To suppose that Wakem had the same sort of inveterate hatred toward Tulliver that Tulliver had toward him would be like supposing that a pike and a roach can look at each other from a similar point of view. The roach necessarily abhors the mode in which the pike gets his living, and the pike is likely to think nothing further even of the most indignant roach than that he is excellent good eating; it could only be when the roach choked him that the pike could entertain a strong personal animosity. If Mr. Tulliver had ever seriously injured or thwarted the attorney, Wakem would not have refused him the distinction of being a special object of his vindictiveness. But Mr. Tulliver called Wakem a rascal at the market dinner-table, the attorneys' clients were not a whit inclined to withdraw their business from him; and if, when Wakem himself happened to be present, some jocose cattle-feeder, stimulated by opportunity and brandy, made a thrust at him by alluding to old ladies' wills, he maintained perfect _sang froid_, and knew quite well that the majority of substantial men then present were perfectly contented with the fact that "Wakem was Wakem"; that is to say, a man always knew the stepping-stones that would carry him through very muddy bits of practice. A man who had made a large fortune, had a handsome house among the trees at Tofton, and decidedly the finest stock of port-wine in the neighborhood of St. Ogg's, was likely to feel himself on a level public opinion. And I am not sure that even honest Mr. Tulliver himself, with his general view of law as a cockpit, might not, under opposite circumstances, have seen a fine appropriateness in the truth that "Wakem was Wakem"; since I have understood from persons versed in history, that mankind is not disposed to look narrowly into the conduct of great victors when their victory is on the right side. Tulliver, then, could be no obstruction to Wakem; on the contrary, he was a poor devil whom the lawyer had defeated several times; a hot-tempered fellow, who would always give you a handle against him. Wakem's conscience was not uneasy because he had used a few tricks against the miller; why should he hate that unsuccessful plaintiff, that pitiable, furious bull entangled in the meshes of a net?

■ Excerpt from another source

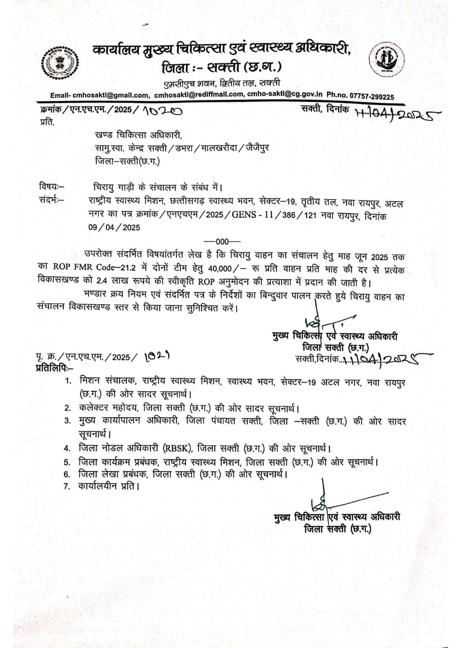 अप्रैल माह में सभी बीएमओ को सीएमएचओ कार्यालय से पत्र जारी कर चिरायु योजना की राशि की स्वीकृति ओर योजना के संचालन की जिम्मेदारी दे दी गई थी जिसमें सक्ती बीएमओ ने वाहन मालिकों को भुगतान नहीं किया है ऐसी जानकारी मिली है इसकी जांच करा रहे है वहीं एक पत्र ओर सभी बीएमओ को भेजा जा गया है जिसमें वाहन का टेंडर होने तक ओर कर्मचारियों का हड़ताल खत्म होने तक चिरायु योजना के संचालन के लिए वैकल्पिक व्यवस्था करने के लिए कहा गया है।

Still, among the various excesses to which human nature is subject, moralists have never numbered that of being too fond of the people who openly revile us. The successful Yellow candidate for the borough of Old Topping, perhaps, feels no pursuant meditative hatred toward the Blue editor who consoles his subscribers with vituperative rhetoric against Yellow men who sell their country, and are the demons of private life; but he might not be sorry, if law and opportunity favored, to kick that Blue editor to a deeper shade of his favorite color. Prosperous men take a little vengeance now and then, as they take a diversion, when it comes easily in their way, and is no hindrance to business; and such small unimpassioned revenges have an enormous effect in life, running through all degrees of pleasant infliction, blocking the fit men out of places, and blackening characters in unpremeditated talk. Still more, to see people who have been only insignificantly offensive to us reduced in life and humiliated, without any special effort of ours, is apt to have a soothing, flattering influence. Providence or some other prince of this world, it appears, has undertaken the task of retribution for us; and really, by an agreeable constitution of things, our enemies somehow _don't_ prosper.

These were the mental conditions on which Mrs. Tulliver had undertaken to act persuasively, and had failed; a fact which may receive some illustration from the remark of a great philosopher, that fly-fishers fail in preparing their bait so as to make it alluring in the right quarter, for want of a due acquaintance with the subjectivity of fishes.